[Problem details] Copy all records verbatim, images excluded.

•••••

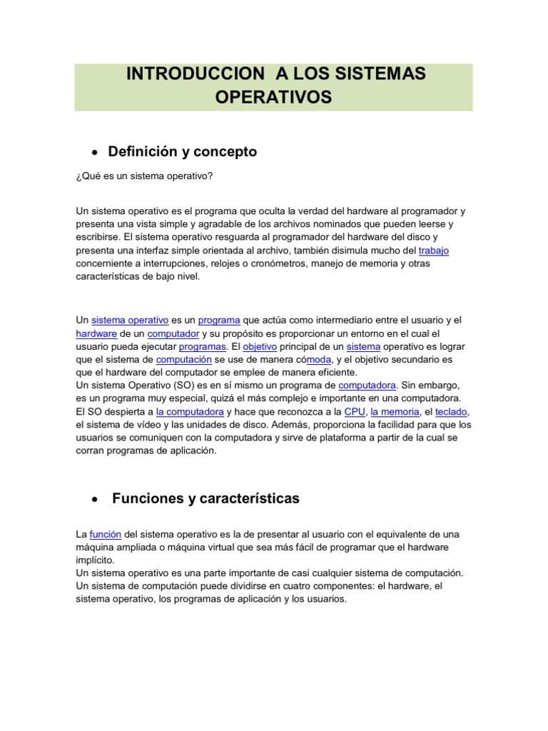 Un sistema operativo es un programa que acta como intermediario entre el usuario y el hardware de un computador y su propsito es proporcionar un entorno en el cual el usuario pueda ejecutar programas. El objetivo principal de un sistema operativo es lograr que el sistema de computacin se use de manera cmoda, y el objetivo secundario es que el hardware del computador se emplee de manera eficiente. Un sistema Operativo (SO) es en s mismo un programa de computadora. Sin embargo, es un programa muy especial, quiz el ms complejo e importante en una computadora. El SO despierta a la computadora y hace que reconozca a la CPU, la memoria, el teclado, el sistema de vdeo y las unidades de disco. Adems, proporciona la facilidad para que los usuarios se comuniquen con la computadora y sirve de plataforma a partir de la cual se corran programas de aplicacin.
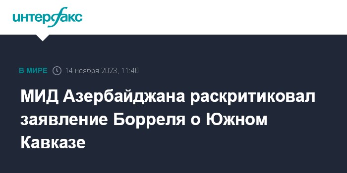 Москва. 14 ноября. INTERFAX.RU - МИД Азербайджана подверг жесткой критике заявление главы дипломатии Евросоюза Жозепа Борреля, касающееся ситуации на Южном Кавказе.
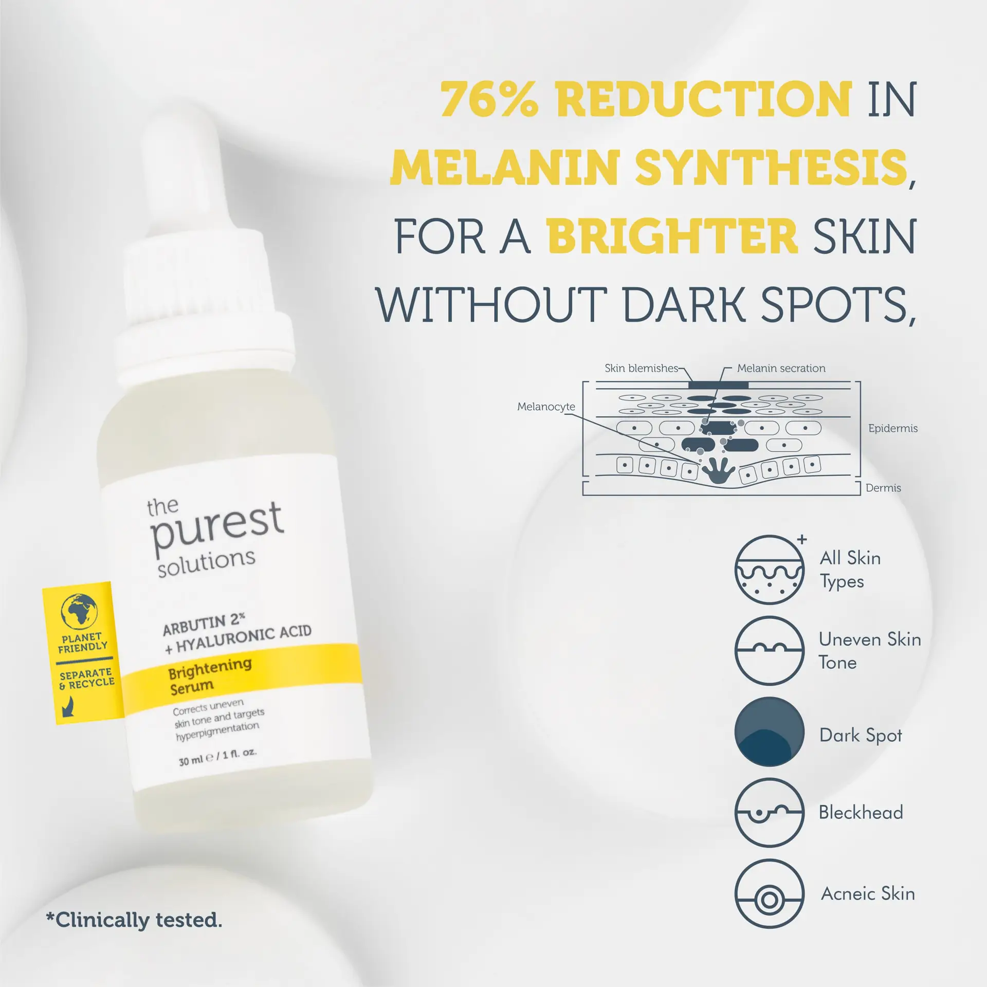 The Purest Solutions Brightening and Anti-Blemish Arbutin Skin Care Serum is a brightening serum that reduces pigmentation, evens skin tone, and hydrates the skin.
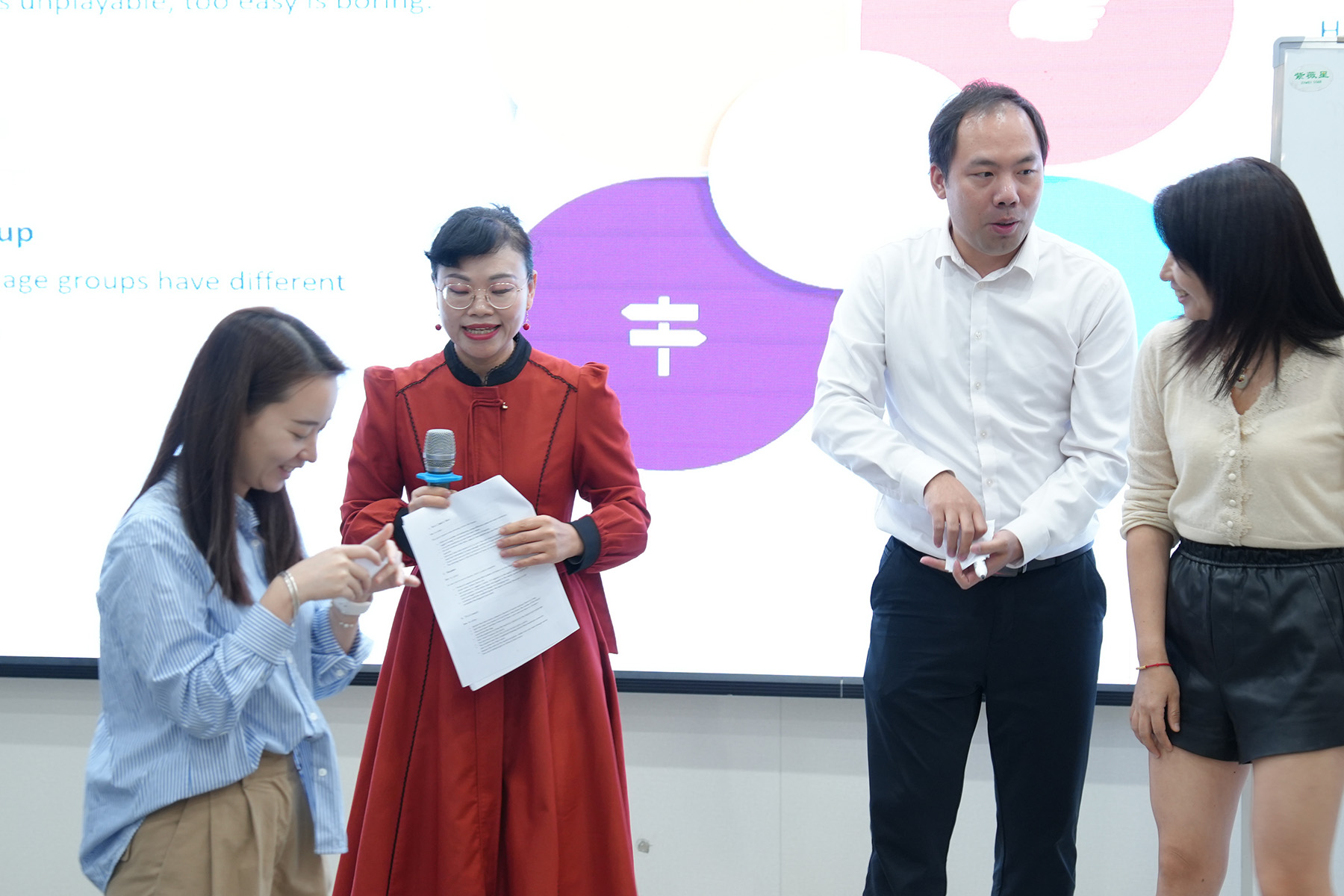 本次师训中,Bob老师以《游戏对课堂教学的高效运用》为题,巧妙地将理论与实践相结合,通过生动的互动环节,让在场的每一位教师都沉浸在了教学创新的欢乐和惊喜中。老师们不仅领略到了游戏化教学的魅力,更在Bob老师的引导下,亲自上手实操,将所学所得转化为教学实践中的宝贵财富。
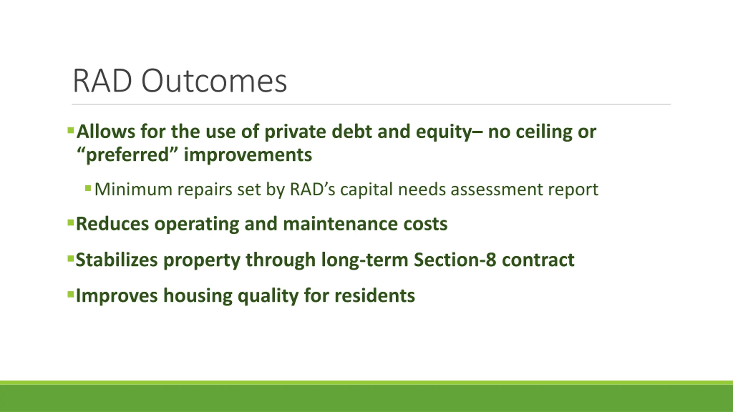 RAD Outcomes Allows for the use of private debt and equity no ceiling or preferred improvements Minimum repairs set by RAD s capital needs assessment report Reduces operating and maintenance costs Stabilizes property through long-term Section-8 contract Improves housing quality for residents
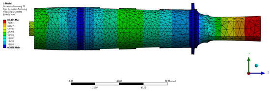 The design of the transducer as well as the sonotrode was accompanied by a simulation approach using modal analysis. For this, a coupled-field modal analysis was carried out in ANSYS Workbench 2022 R2. The material properties for all parts except the piezoelectric ceramics of the transducer and the sensors as well as the Ti6Al4V and AW 6060 were taken from the ANSYS library. The properties of the piezoceramics are shown in Table 2. The material properties of the Ti6Al4V and AW 6060 were provided by the supplier. A fixed support was added at the flange, as described above. A voltage was then applied to the piezoceramic discs of the transducer to actuate the system. With these settings, a modal analysis was carried out between 15 and 30 kHz to determine the resonance frequencies. This was performed to obtain the relevant vibration shapes of the system in this frequency range to better differentiate them later based on the sensor signals. The desired frequency of the system was chosen to be approx. 25 kHz. The length of transducer was iteratively adjusted to achieve this resonance frequency. Afterwards, the sonotrode was adjusted to match the resonance frequency of the transducer. The vibration shape of the ultrasonic system at the determined resonance frequency of 24,388 Hz is shown in Figure 4.
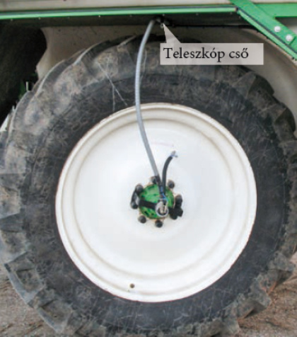 A kerékhez vezető levegővezetékek a sárvédőn lévő teleszkópos csövön keresztül a kerék közepéig vannak vezetve, amellyel a forgó kerék oldalirányú távolsága egyedileg állítható.
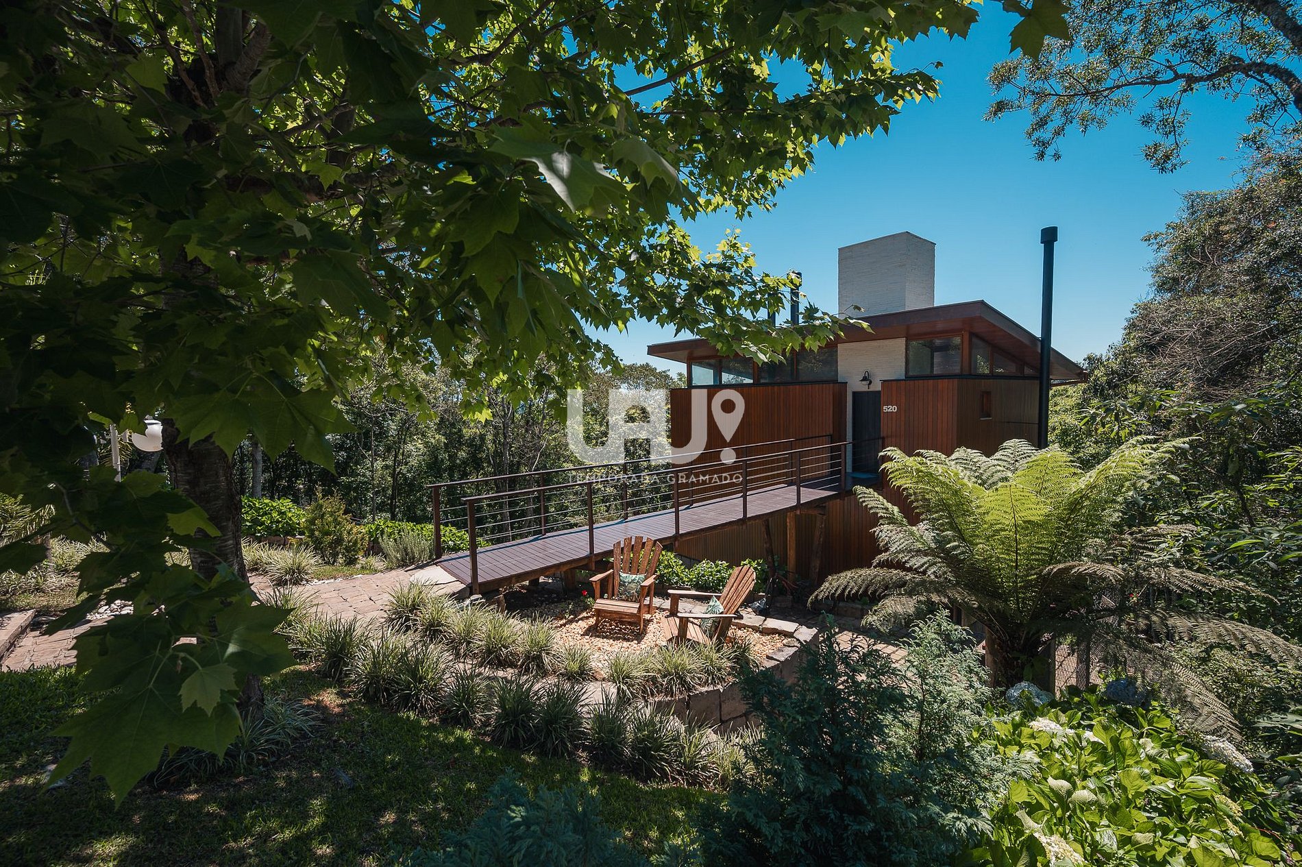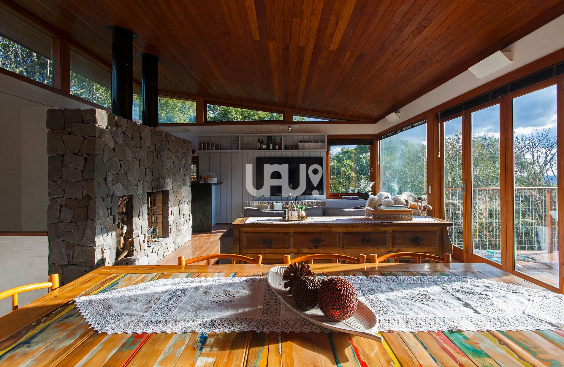Sala de estar com lareira, integrada ao deck com a mais incrível vista do por do sol da cidade e lavabo...
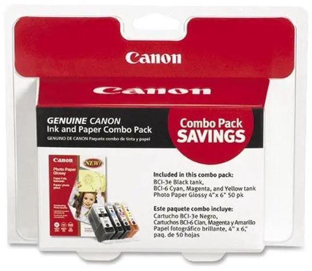 Ink and photo paper combo pack contains one each of bci-3e black, bci-6 Cyan, bci-6 Magenta, bci-6 Yellow, and one 50-sheet pack photo paper glossy 4" x 6". designed for use with Canon I560, I860, PIXMA iP3000, PIXMA iP4000, PIXMA iP4000R, PIXMA iP5000, PIXMA MP750, PIXMA MP760 and PIXMA MP780 photo all-in-one.
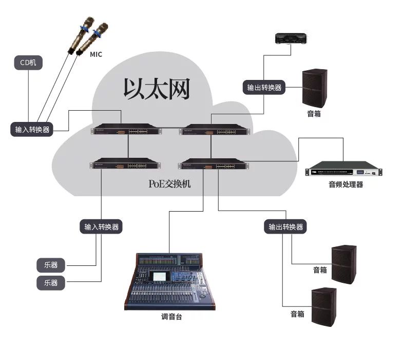 Dante技術可以在以太網(100M或者1000M)上傳送高精度時鐘信號以及專業音頻信號并可以進行復雜的路由??梢匀斡梢纛l信號在以太網中使用TCP/IP方式任意傳送,而且在這個過程中保持了信號的精確還原。下圖直觀反應了DANTE網絡的連接工作方式:
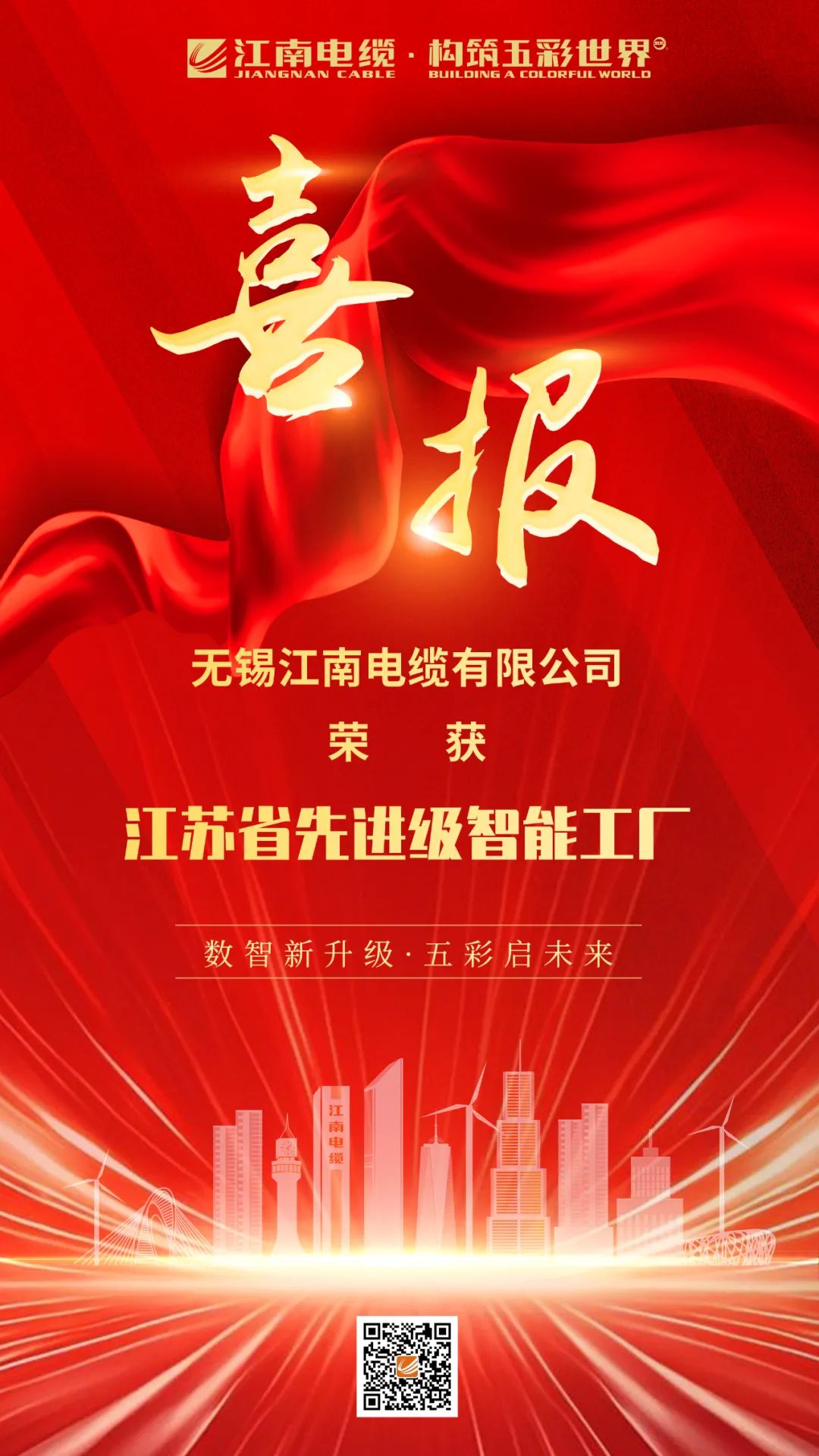 【喜報(bào)】江南電纜榮獲江蘇省先進(jìn)級智能工廠
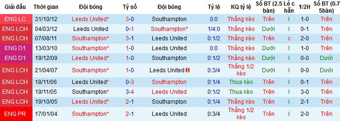 Trong lịch sử đối đầu khi Leeds United được thi đấu trên sân nhà họ cũng chỉ thắng được 3 lần và để thua 2 lần. Tuy nhiên lần gặp nhau gần nhất cũng đã cách đây 8 năm. Hiện tại với phong độ tồi tệ của Southampton nhất là trên sân khách nên chọn cửa trên ở trận đấu này có lẽ vẫn có phần hợp lý.

•••••

[Finished exercise]
 Un sistema operativo es un programa que acta como intermediario entre el usuario y el hardware de un computador y su propsito es proporcionar un entorno en el cual el usuario pueda ejecutar programas. El objetivo principal de un sistema operativo es lograr que el sistema de computacin se use de manera cmoda, y el objetivo secundario es que el hardware del computador se emplee de manera eficiente. Un sistema Operativo (SO) es en s mismo un programa de computadora. Sin embargo, es un programa muy especial, quiz el ms complejo e importante en una computadora. El SO despierta a la computadora y hace que reconozca a la CPU, la memoria, el teclado, el sistema de vdeo y las unidades de disco. Adems, proporciona la facilidad para que los usuarios se comuniquen con la computadora y sirve de plataforma a partir de la cual se corran programas de aplicacin.
 Москва. 14 ноября. INTERFAX.RU - МИД Азербайджана подверг жесткой критике заявление главы дипломатии Евросоюза Жозепа Борреля, касающееся ситуации на Южном Кавказе.
 The Purest Solutions Brightening and Anti-Blemish Arbutin Skin Care Serum is a brightening serum that reduces pigmentation, evens skin tone, and hydrates the skin.
 本次师训中,Bob老师以《游戏对课堂教学的高效运用》为题,巧妙地将理论与实践相结合,通过生动的互动环节,让在场的每一位教师都沉浸在了教学创新的欢乐和惊喜中。老师们不仅领略到了游戏化教学的魅力,更在Bob老师的引导下,亲自上手实操,将所学所得转化为教学实践中的宝贵财富。
 RAD Outcomes Allows for the use of private debt and equity no ceiling or preferred improvements Minimum repairs set by RAD s capital needs assessment report Reduces operating and maintenance costs Stabilizes property through long-term Section-8 contract Improves housing quality for residents
 The design of the transducer as well as the sonotrode was accompanied by a simulation approach using modal analysis. For this, a coupled-field modal analysis was carried out in ANSYS Workbench 2022 R2. The material properties for all parts except the piezoelectric ceramics of the transducer and the sensors as well as the Ti6Al4V and AW 6060 were taken from the ANSYS library. The properties of the piezoceramics are shown in Table 2. The material properties of the Ti6Al4V and AW 6060 were provided by the supplier. A fixed support was added at the flange, as described above. A voltage was then applied to the piezoceramic discs of the transducer to actuate the system. With these settings, a modal analysis was carried out between 15 and 30 kHz to determine the resonance frequencies. This was performed to obtain the relevant vibration shapes of the system in this frequency range to better differentiate them later based on the sensor signals. The desired frequency of the system was chosen to be approx. 25 kHz. The length of transducer was iteratively adjusted to achieve this resonance frequency. Afterwards, the sonotrode was adjusted to match the resonance frequency of the transducer. The vibration shape of the ultrasonic system at the determined resonance frequency of 24,388 Hz is shown in Figure 4.
 A kerékhez vezető levegővezetékek a sárvédőn lévő teleszkópos csövön keresztül a kerék közepéig vannak vezetve, amellyel a forgó kerék oldalirányú távolsága egyedileg állítható.
Sala de estar com lareira, integrada ao deck com a mais incrível vista do por do sol da cidade e lavabo...
 Ink and photo paper combo pack contains one each of bci-3e black, bci-6 Cyan, bci-6 Magenta, bci-6 Yellow, and one 50-sheet pack photo paper glossy 4" x 6". designed for use with Canon I560, I860, PIXMA iP3000, PIXMA iP4000, PIXMA iP4000R, PIXMA iP5000, PIXMA MP750, PIXMA MP760 and PIXMA MP780 photo all-in-one.
 Dante技術可以在以太網(100M或者1000M)上傳送高精度時鐘信號以及專業音頻信號并可以進行復雜的路由??梢匀斡梢纛l信號在以太網中使用TCP/IP方式任意傳送,而且在這個過程中保持了信號的精確還原。下圖直觀反應了DANTE網絡的連接工作方式:
 【喜報(bào)】江南電纜榮獲江蘇省先進(jìn)級智能工廠
 Trong lịch sử đối đầu khi Leeds United được thi đấu trên sân nhà họ cũng chỉ thắng được 3 lần và để thua 2 lần. Tuy nhiên lần gặp nhau gần nhất cũng đã cách đây 8 năm. Hiện tại với phong độ tồi tệ của Southampton nhất là trên sân khách nên chọn cửa trên ở trận đấu này có lẽ vẫn có phần hợp lý.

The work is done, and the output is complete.